Over the years, I’ve written a lot of SQL and in that time I’ve learned some tricks to creating better SQL with the goal of making it easier to maintain, and faster.
With all the SQL I had to write, I made an attempt to learn how to do it better. I tried to find articles on the subject. However, a lot of those dealt with the technical nature of the server itself, and could be summarized by saying “Turn on statistics and regenerate them often.” Their examples were also dealing with simple queries. I found very few that just taught you how to write efficient SQL while dealing with complicated queries.
So, I said the old cliche: “I could do this better” and here we are.
I will preface this article with the warning that my background does not come from knowing the innards of the SQL servers. Most of my knowledge comes from trying different techniques and seeing what happens. And when you see a small change cut the running time to a fraction of what it was, you tend to think that was a good idea. I have accepted the MS SQL optimizer into my life.

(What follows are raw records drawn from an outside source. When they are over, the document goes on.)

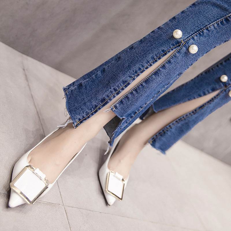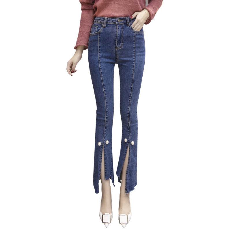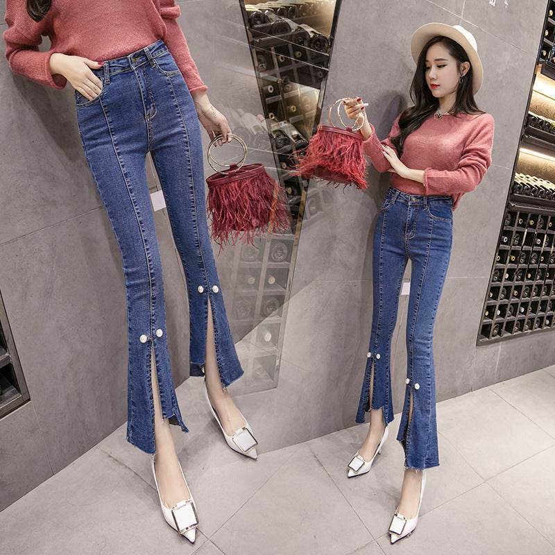 Slit Cropped Micro-flare Jeans Women Slim Slim Straight-leg Pants Trousers
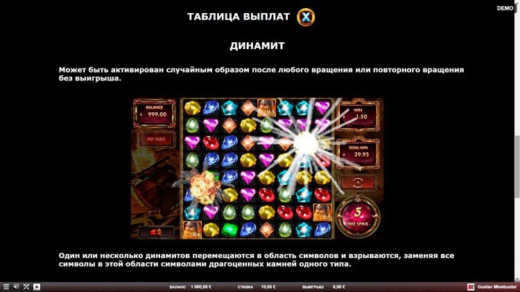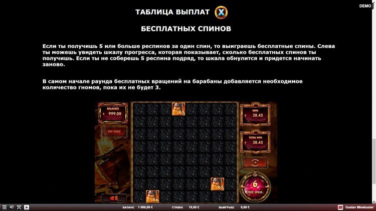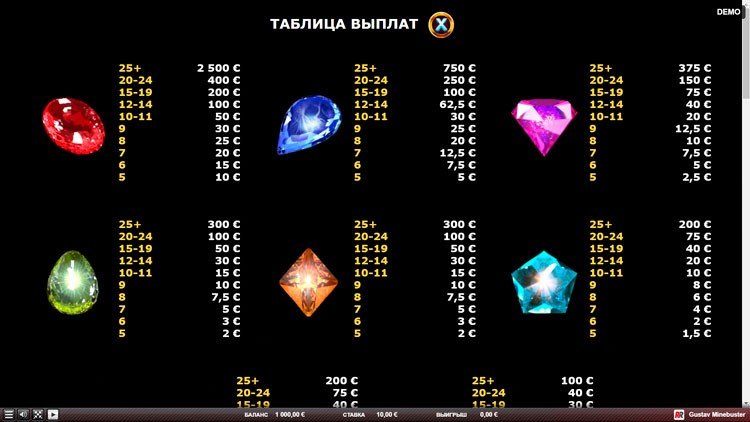 Таблица выплат Gustav Minebuster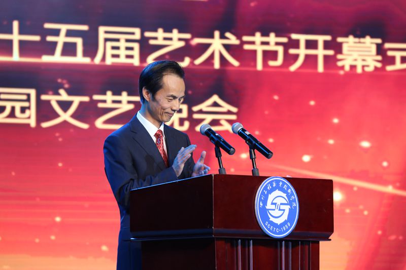 开幕式上,党委副书记、副院长杨跃致辞。杨跃副书记指出,学院长期以来充分利用校园艺术节这一重要载体,为学生搭建欣赏高雅艺术、学习各民族优秀文化的舞台,落实立德树人根本任务、培育和践行社会主义核心价值观。今天的晚会,就是要让广大青年学生在绚丽多彩的民族文化中增强对中华优秀传统文化的认同感、自豪感和自信心,用伟大的长征精神激励全校师生为实现中华民族伟大复兴的中国梦而努力奋斗。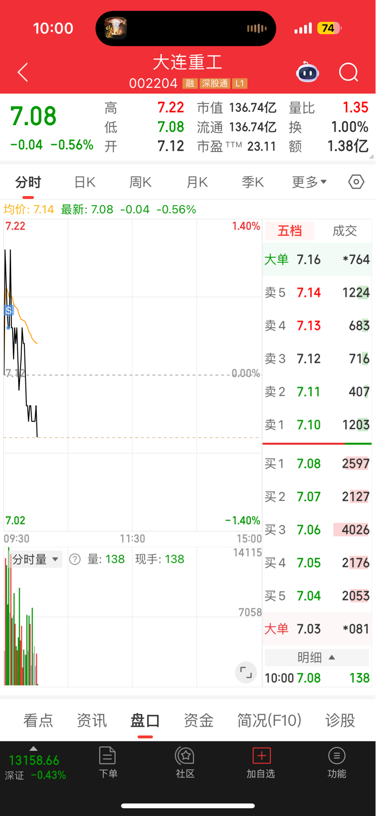 $大连重工(SZ002204)$ 保本走了,就知道巴里都是说涨停的就知道不行了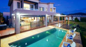 Modern multilevel house exterior with pool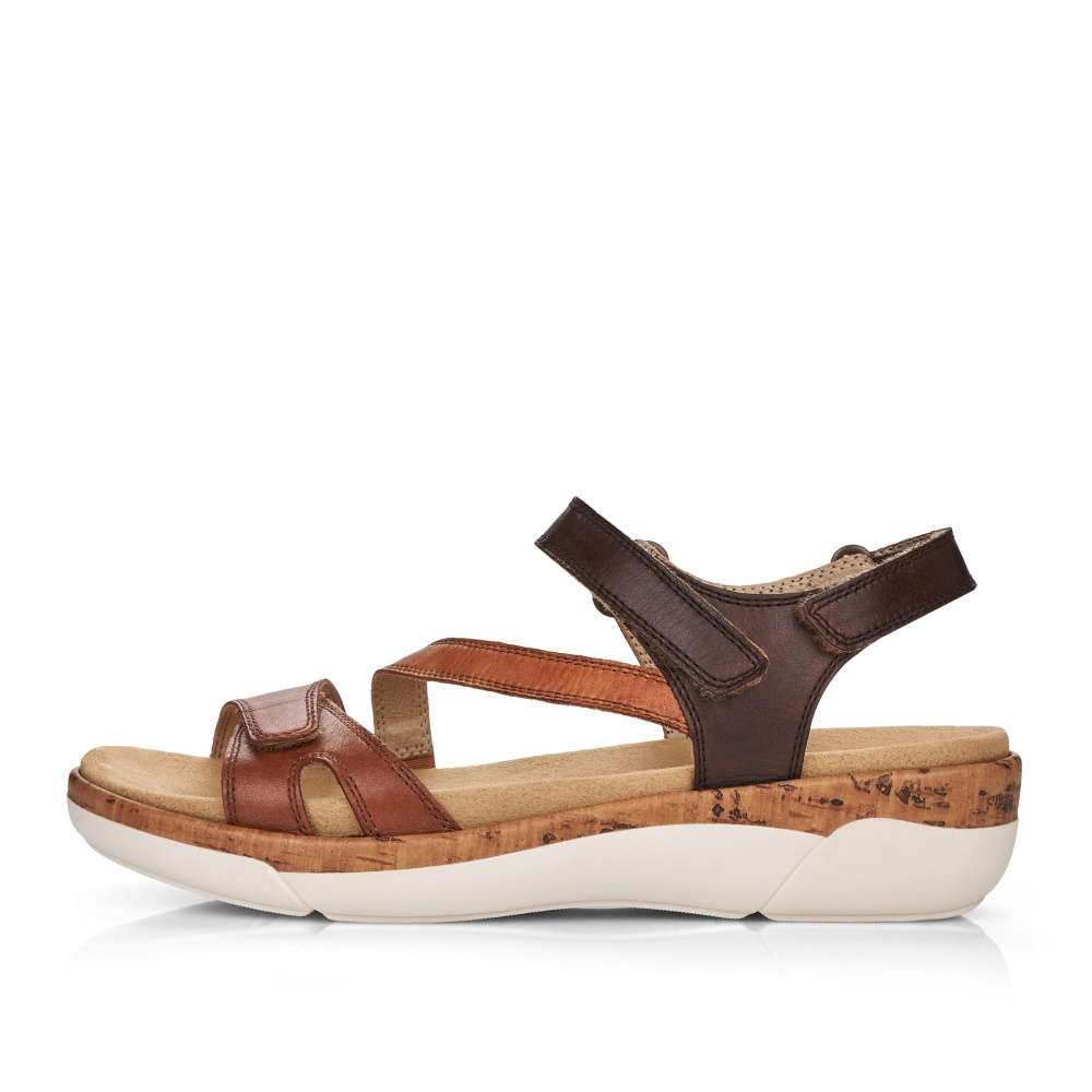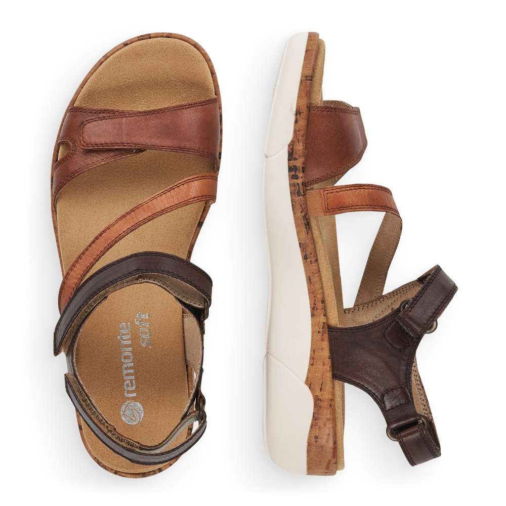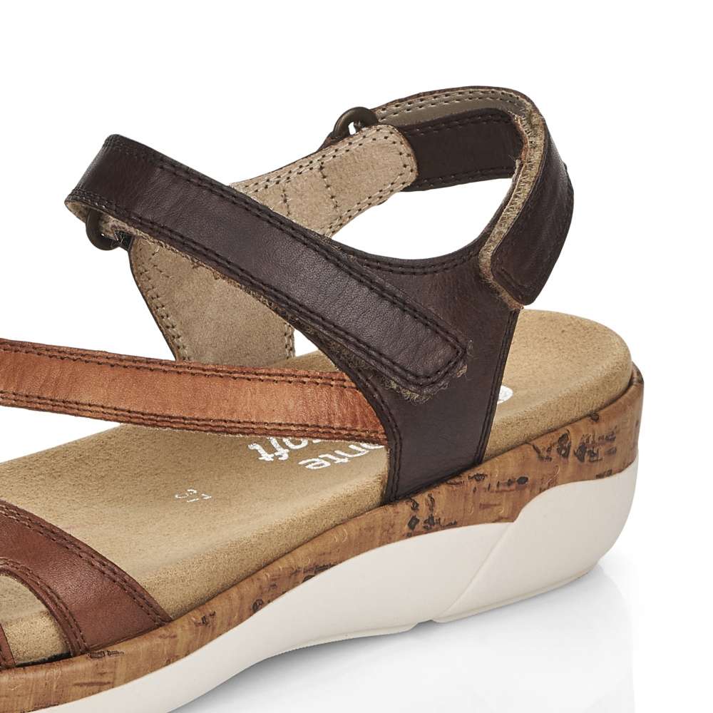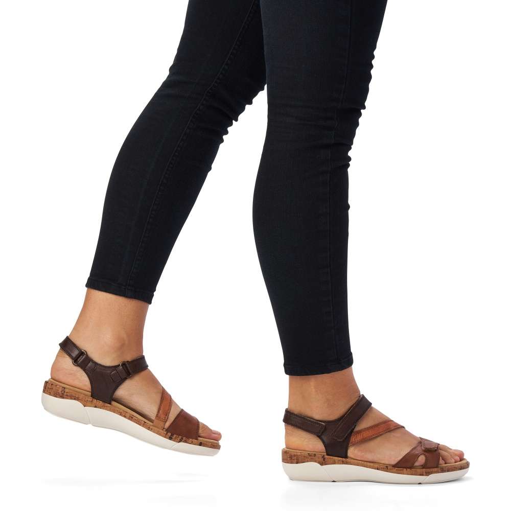 Obuv REMONTE – jedná se o vyšší řadu značky RIEKER, tato obuv se vyznačuje vynikající kombinací svrchních materiálů. Tento model sandálků oceníte při celodenním nošení, díky jejich jednoduchému vzhledu. Pásky z pravé hladké kůže jsou jemně prošity a prakticky poskládány tak, aby dobře podrželi Vaši nohu na každém kroku. Přizpůsobit obuv si můžete snadno díky páskům se zapínáním na suchý zip. Stélka je vyrobena z unikátní paměťové pěny, která změkčuje každý Váš došlap, a navíc je vyjímatelná. Kvalitní syntetická podešev svým vzhledem dolaďuje obuv k dokonalosti. Tyto sandálky budou skvěle vypadat s letními šaty či sukněmi.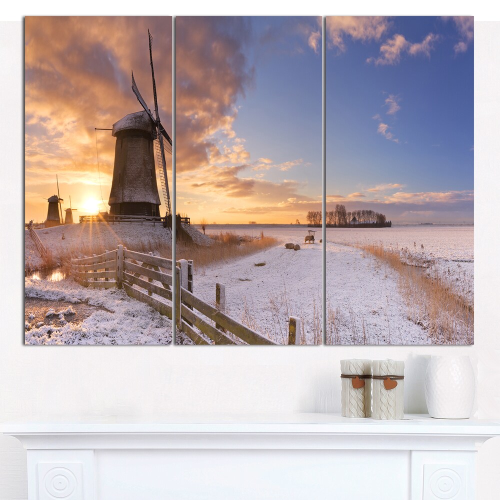 Designart "Dutch Windmills at Sunrise" Large Glossy Canvas Art Print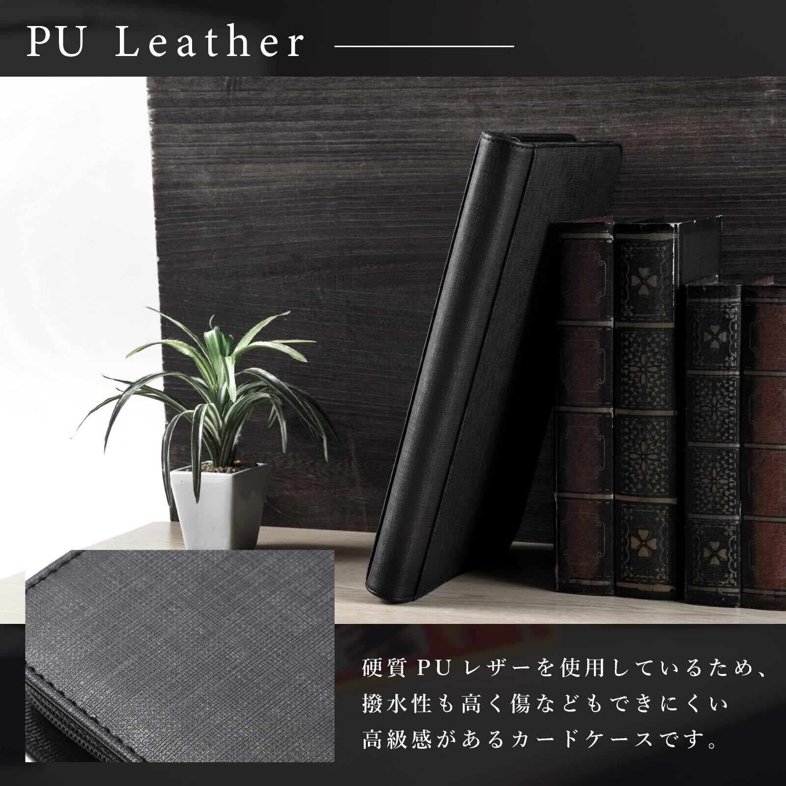 【高品質素材】高品質の透明PP素材で見やすいクリアポケットです。カードケースの外側はPU素材のため撥水機能もついています。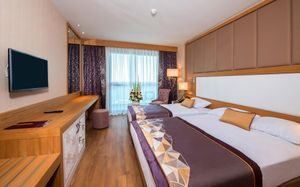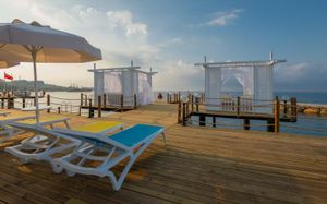 Отель Sirius Deluxe расположен в курортном районе Тюрклер. К услугам гостей открытый и крытый бассейны, а также частный пляж. Около отеля и в окрестностях можно заняться различными видами активного отдыха, в том числе покататься на 2 горках в бассейне, поиграть в настольный теннис или дартс, заняться греблей на каноэ. На территории отеля работают многочисленные магазины кожаных и ювелирных изделий, а также часов.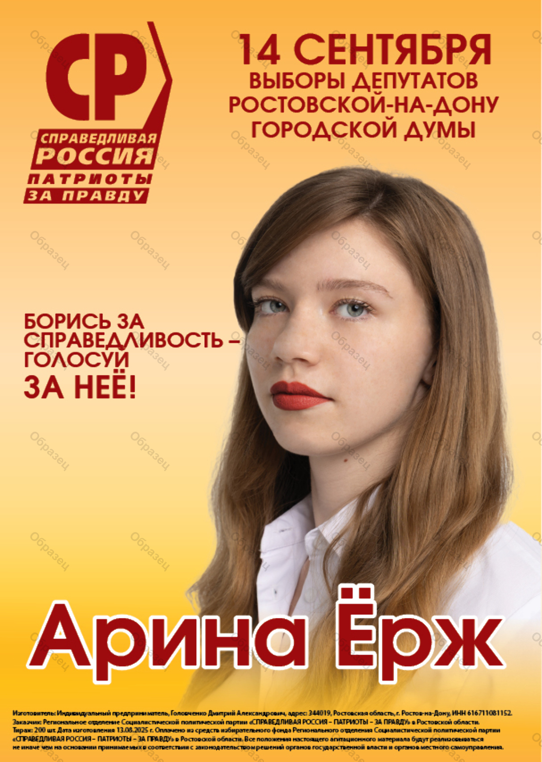 Оплачено из средств избирательного фонда Регионального отделения Социалистической политической партии «СПРАВЕДЛИВАЯ РОССИЯ – ПАТРИОТЫ – ЗА ПРАВДУ» в Ростовской области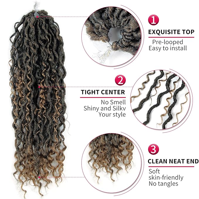 - 1.Material: Synthetic Hair Extensions,New Goddess Locs Crochet Hair Braid Extension With Deep Curly In Middle And Ends.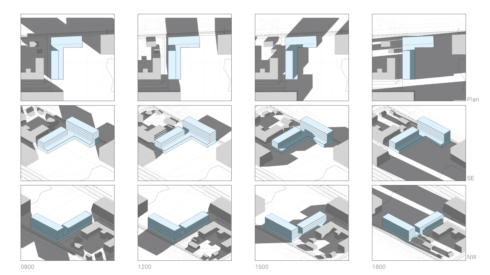 A key challenge was negotiating the height of the massing, and potential overshadowing. To gain approval from the municipality, volumes removed from the building’s lower levels were compensated in an extra level at the top.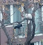 Our compound has many cats, being fed daily by some ladies. See this one, climbed way high and was watching the crows. Or the crows watching the cat…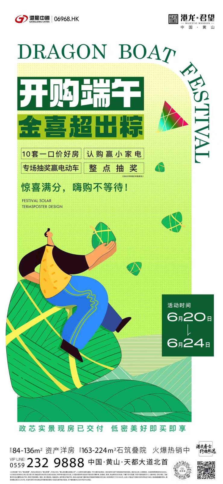 港龙君望,开购端午,金喜超出粽!6月20日-24日,10套一口价好房、认购赢小家电、专场抽奖赢电动车、整点抽奖,惊喜满分,嗨购不等待!政芯实景现房,低密美好即买即享!建面约84-136㎡资产洋房、163-224㎡石筑叠院火爆热销中!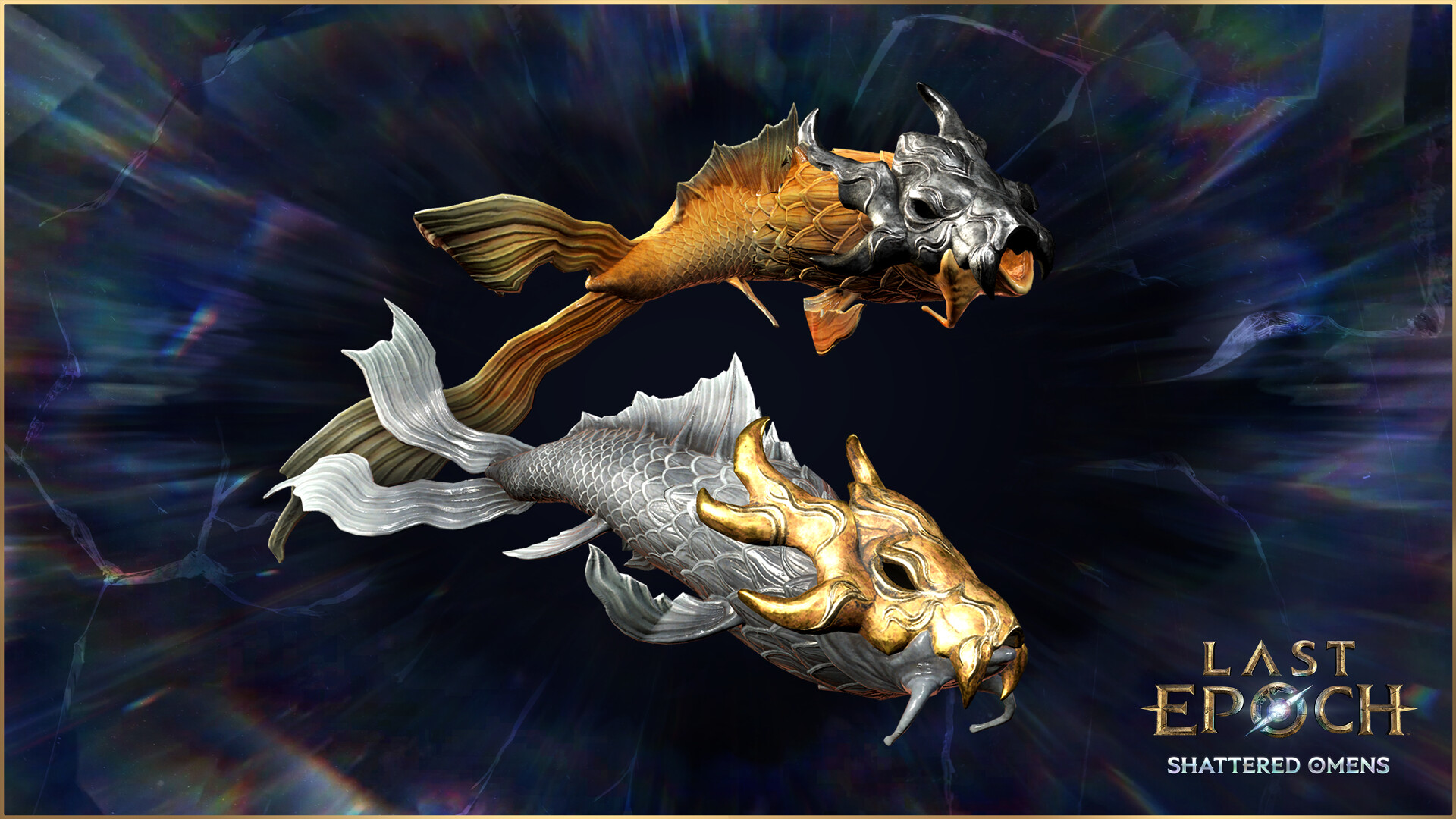 A pair of celestial koi like companions, one radiant and one shadowed, weaving around you in a slow orbit that mirrors the dance of sun and moon.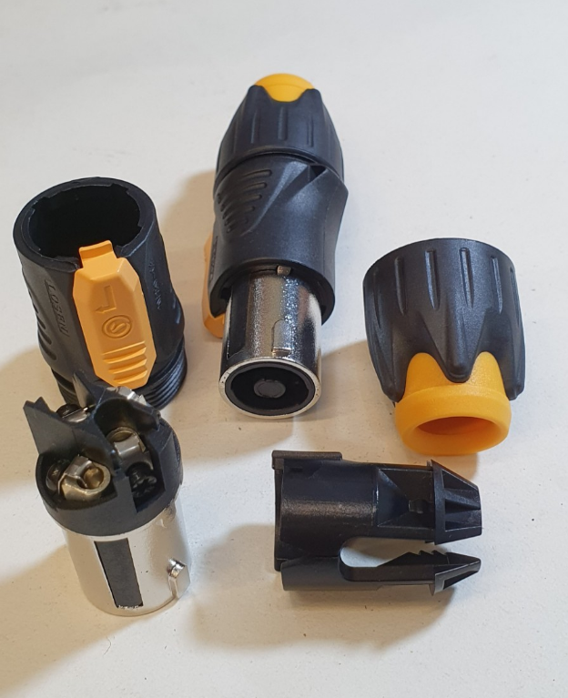 4pin speakon male, Jack cắm Loa nhưa đầu sắt speakon line 4 pole. Dùng cho dây. đường kính ≤6~12mm

A lot of the example here are for very specific circumstances. In actual cases like them you probably wouldn’t care about efficiency because you don’t intend to run it multiple times. The difference between queries taking half a second to run versus 30 seconds to run are minimal when you only run it once. But these contrived examples should give you useful information for queries that you actually will run lots of times.
I have never been comfortable with SQL that is generated by a tool. Maybe it is good for small queries, but as soon as things become complicated, the SQL that is created is unintuitive to follow. If someone has to modify it, or debug it, they may spend a lot of time just trying to figure out what the original intent of the SQL was.
Spend the extra time to create the SQL by hand. You will have a chance to put in some comments, or at least name things appropriately. The next person to maintain it (which will probably be you) will thank you for it.
GROUP BYWhen Dealing With Duplicates
GROUP BYto cause those duplicates to be merged together. The problem with that approach is that it is hard to maintain, and it is not always clear what is being intended.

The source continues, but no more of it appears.